Substrate class and role. The substrate is prose in JSONL. The role is mostly knowledge, not system-definition: future agents search entries as facts and decision context. The AGENTS hook is system-definition, but entries themselves do not automatically rewrite guidance or policy.
Scope and timing. Scope is per repository. Timing is online/manual during normal work, with a session-end review pass. It is lighter than ClawVault or Pi Self-Learning because there is no event hook or transcript miner, but stronger than an ordinary notes file because the CLI and AGENTS doctrine define a recurring capture loop.
Survey placement. On the survey's axes, Gnosis adds a doctrine-mediated live-capture subtype: agent judgment distills session context directly into a repo-local prose memory store. It strengthens the survey claim that candidate generation is tractable, but also splits "trace-derived" into automatic log mining and instruction-mediated live extraction. Its weak point is evaluation: entries have no confidence, freshness, recurrence, or validation mechanism beyond future agents choosing whether to trust and update them.
Curiosity Pass
Gnosis is intentionally almost all edge and almost no middle. The edge is strong: two AGENTS lines, a tiny CLI, git-visible entries, and fast search. The missing middle is curation. A noisy entry and a high-value entry have the same shape; an obsolete entry and a current entry differ only if someone edits or removes one.

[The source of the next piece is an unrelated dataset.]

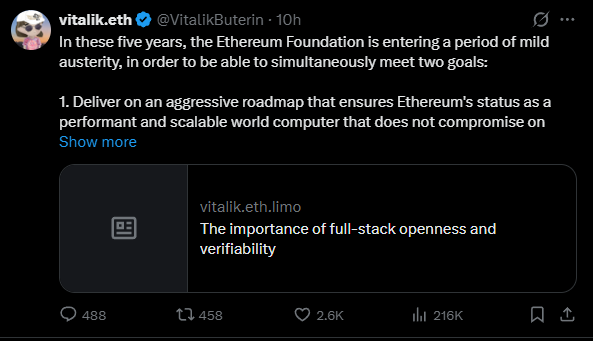 Buterin bejelentette, hogy az EF a következő öt évben „mérsékelt megszorítások” időszakába lép.
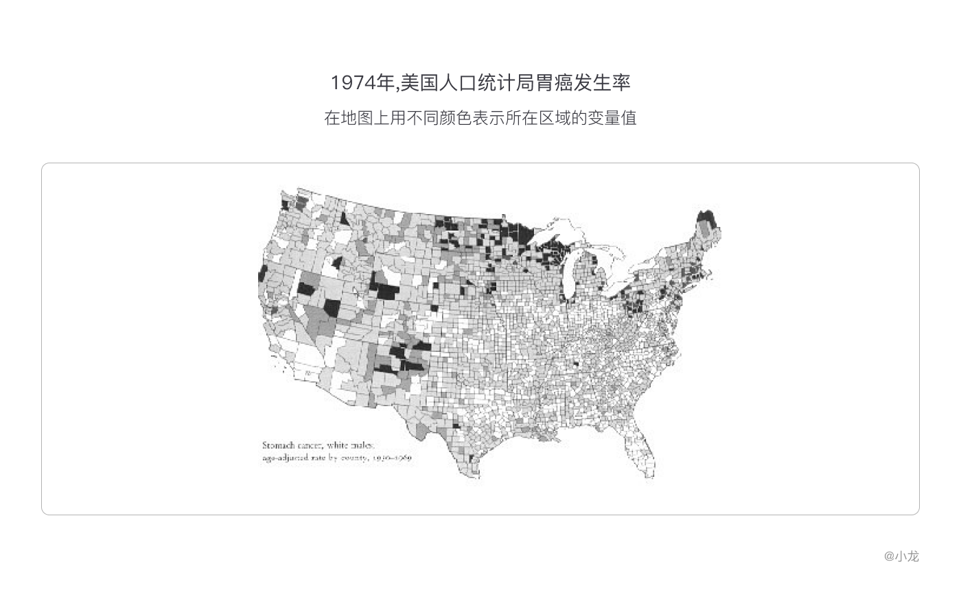 1974年,美國人口統計局胃癌發生率,在地圖上用不同顏色表示所在區域的變量值。

The project has a good answer to "why won't this become a dumping ground?" but the answer is doctrine, not mechanism. The current self-use entries show the intended genre: release-pipeline rationale, a rejected MCP server, and an FTS5-vs-Bleve tradeoff. That is real signal. The code does not stop an agent from writing duplicated analysis; only the instructions do.
The search model is enough for repo-scale why-memory, but it is not a context scheduler. Search returns snippets and topic/ID lines; it does not know which entries should load automatically for a file, test, command, or task type. That keeps the tool portable, but leaves activation quality to the agent's choice of query terms.
The related-ID field is a seed of structure, not a graph model. It supports supersession or adjacency in entries, but there is no backlink view, relation label, required reason for the link, or validation that a relation still makes semantic sense.
What to Watch
- Whether Gnosis adds entry kinds, confidence, freshness, or stale/superseded states without losing its capture-first product stance.
- Whether search activation becomes more task-aware: file-path scoped search, AGENTS-invoked query suggestions, or command wrappers that search from changed files.
- Whether the rejected MCP path stays rejected as coding agents standardize around shell access, or whether MCP-only agent surfaces create pressure for a second interface.
- Whether the human-context filter survives broad agent use; if not, structural gates may become necessary.
- Whether related IDs grow into explicit supersession or contradiction semantics.
Relevant Notes:
- trace-derived learning techniques in related systems — extends: Gnosis adds doctrine-mediated live capture, where an agent extracts session context directly into repo-local prose memory without mining raw transcripts.
- files beat a database for agent-operated knowledge bases — exemplifies: durable memory is committed JSONL, while SQLite FTS is a disposable cache.
- agent memory is a crosscutting concern, not a separable niche — exemplifies: Gnosis changes repo instructions, shell workflow, source control, and search behavior rather than adding only a memory backend.
- automating KB learning is an open problem — sharpens: Gnosis solves low-friction candidate capture but leaves trust, retirement, and abstraction to human/agent judgment.
- a functioning KB needs a workshop layer, not just a library — contrasts: Gnosis captures session learnings but has no separate workshop lifecycle before durable entry creation.